WHY I NO LONGER CARE ABOUT THE "PEE TAPE"

Count me in as one of the folks who is one hundred percent certain that a Russian kompromat “pee tape” of Donald Trump and some Ruskie prostitutes actually exists. In the year that it has been in our collective existence, and despite the incessant bleating of right wing media shills to the contrary, not a single thing in the infamous Steele Dossier has been proven false. The golden notion squares with everything I know about Donald Trump—that he is a puerile, prurient and profane scumbag who gets off on humiliation and degradation, sexually and otherwise. We’ve recently learned that our illustrious Commander in Chief likes it when porn stars spank his flabby white ass with rolled-up magazines on whose covers he appears, then likes raw dogging them while telling them how much they remind him of his amply faux jugged daughter (who he has publicly mused about dating on several occasions) before firing off a handful of six-figure checks to keep their tongues from wagging.

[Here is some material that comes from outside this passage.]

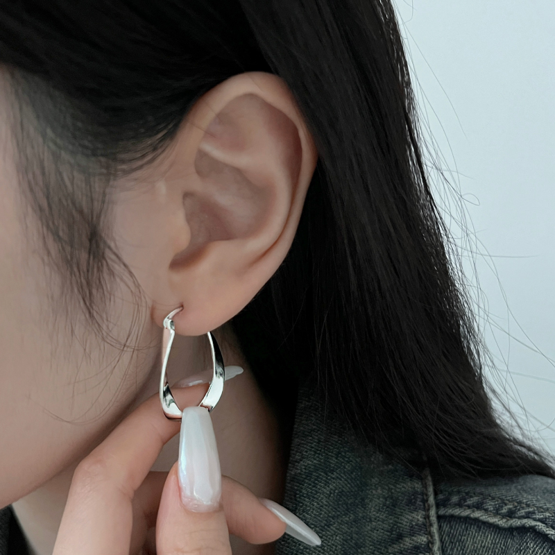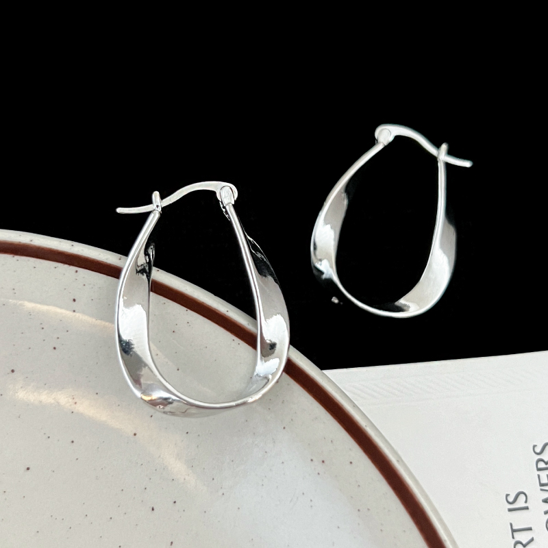 银色素圈耳环女夸张大耳圈2025新款爆款高级感圈圈耳饰耳圈耳夹

Does paying a few hookers to piss on a hotel bed that Barack and Michelle Obama once shared really seem that out of character for this loathsome piece of shit? Of course not.


But where I once rooted for its sudden bombshell appearance on social media, I find myself caring less and less whether the pee tape exists. Sadly, Cheeto Benito's daily behavior as president is already far worse and much more embarrassing than anything that could appear on a Trumpian sex tape.

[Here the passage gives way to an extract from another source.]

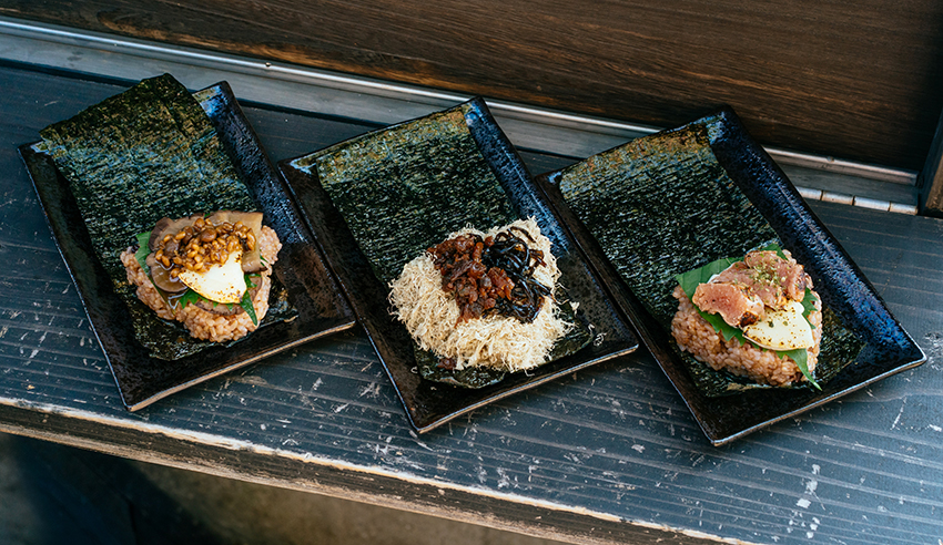 アレンジ力が際立つおむすびはこちら!ひしお麹いぶりがっこチーズ、とろろだし昆布、炙りたらこカマンベール

Is prostitutes pissing on a bed any more disgusting than our Dear Leader callously and cynically destroying tens of thousands of families by treating DACA kids as little more than political clay pigeons for his ravenously racist base?


Is a little pay-per-tinkle any more culturally offensive than taking up the cause of literal Nazis to the point of calling them “some very fine people” on television?


Is paying Nadia and Veronica to drench a few Sealy Posturepedics any more grossly indulgent than dispatching the National Guard to militarize our southern border even though illegal border crossings are currently at a 46-year low just because his white power fanbase hates Mexicans?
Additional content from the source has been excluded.